Cheaper Ways To Text Are Coming

New apps allow consumers to bypass costly text charges


PhotoSending text messages is old-fashioned, expensive and very, very popular. Those three ingredients are combining to produce cheaper – even free – ways to do it.

On Wednesday Apple plans to roll out iMessage, a cross between texting and instant messaging. There are several other apps that provide much the same service. TextPlus, for example, has offered a texting app since early 2010.

Texting uses a small sliver of a cell phone network's voice channel to transmit small amounts of data. It costs the cell phone provider almost nothing to transmit the data. Youthful cell phone users were quick to adopt the form of communication, spelling out words using a different function of their handset's keypad.

Still prefer texting

Despite the explosion in smartphones, which allow users to also send and receive email – which is included in their data plan – younger smartphone users still prefer to send and receive texts over email, even though they come in at exactly the same place email does on their devices.
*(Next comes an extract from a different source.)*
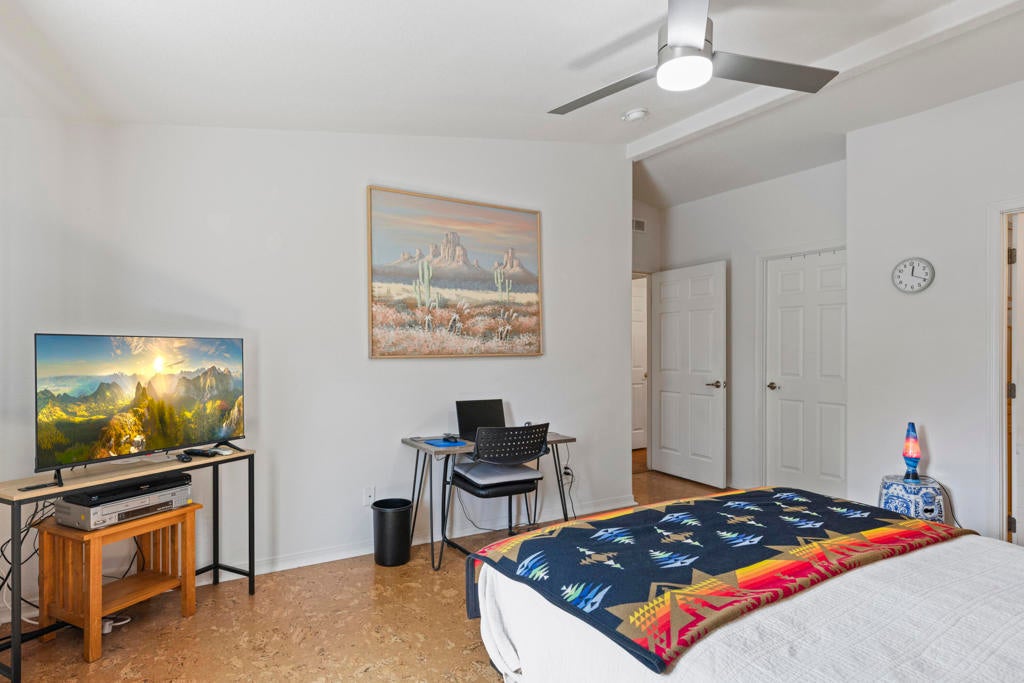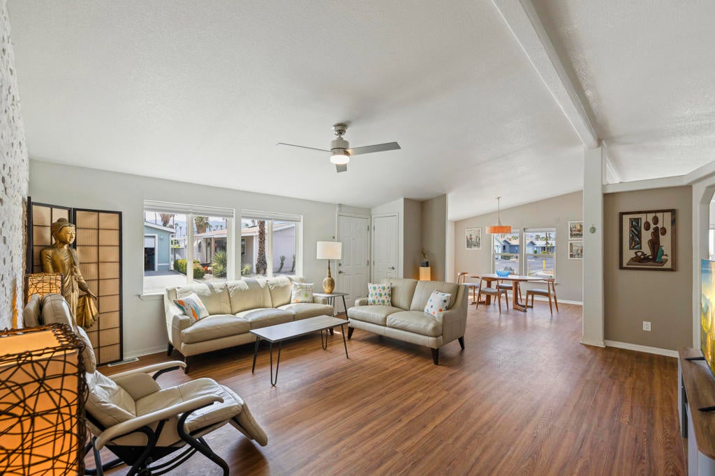 As you enter the Great room, you'll love the white quartzite stack stone accent wall in the living room. This move-in ready home has easy to maintain laminate flooring with cork flooring in the bedrooms and office. Uplifting cathedral ceilings make the open floor plan feel even more spacious. 2 bedrooms plus an office that could be easily transformed into a 3rd bedroom. Double pane windows with custom light/dark shades are sure to save you money on your electric bills. Spacious and private side yard for indoor/outdoor living. Spectacular panoramic mountain views. The Canyon is a premier park with 2 community pools, spas, billiard room, library, gym, shuffleboard building and dining hall. You will love living in this home and in this community.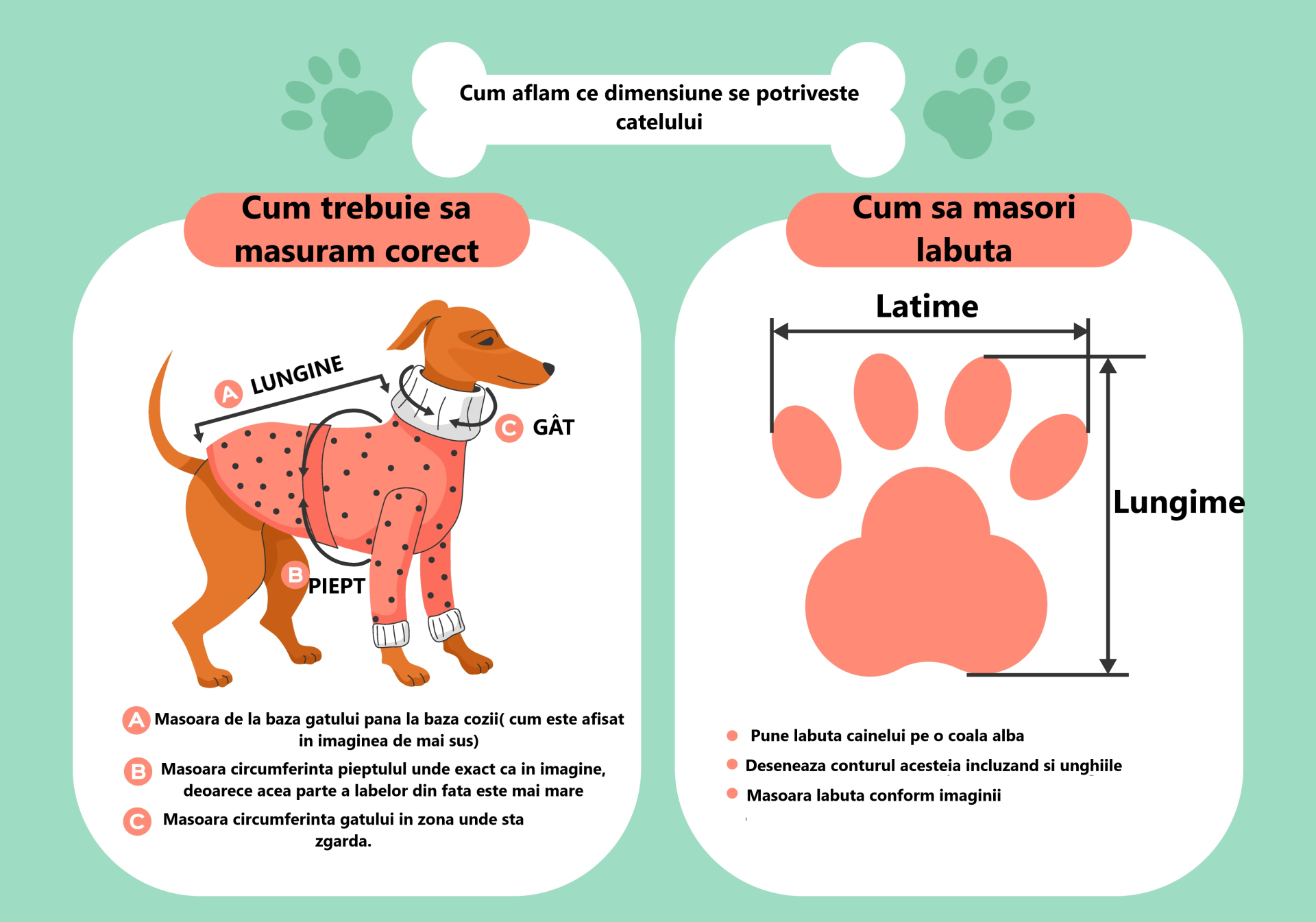 Lungimea este măsurată de la baza gâtului până la începutul cozii. Alege mărimea în funcție de lungimea spatelui câinelui:

One reason, perhaps, is not everyone has a smartphone. If someone with a smartphone wants to send a message to a friend with a regular voice-only device, they have to send a text.

And text messages are expensive. Carriers usually charge 10 to 20 cents to send a text and the same amount to receive one. Just an average text conversation can be costly, unless you have an unlimited text plan on your account. Even then, you pay a flat monthly fee for the privilege of sending and receiving the same data you could be sending and receiving for free with email.

How text apps work

Text apps will allow users with a data plan to send and receive text messages using their cell provider's data network instead of its voice network. For all practical purposes, they are emails – they'll just pop up as though they are text messages.

If these apps catch on – and there's no reason to believe they won't – what will that mean for cell phone companies that make huge mark-ups on providing text services? It will likely put a sizable dent in their profits.

It could result in cell phone companies finding themselves in exactly the same position as banks did recently, when legislation and rule changes eliminated a lot of the fee income that contributed to their profits.

To make up for it, banks are now instituting new fees rather than settle for lower profits. Consumers can expect cell phone companies to respond in similar ways.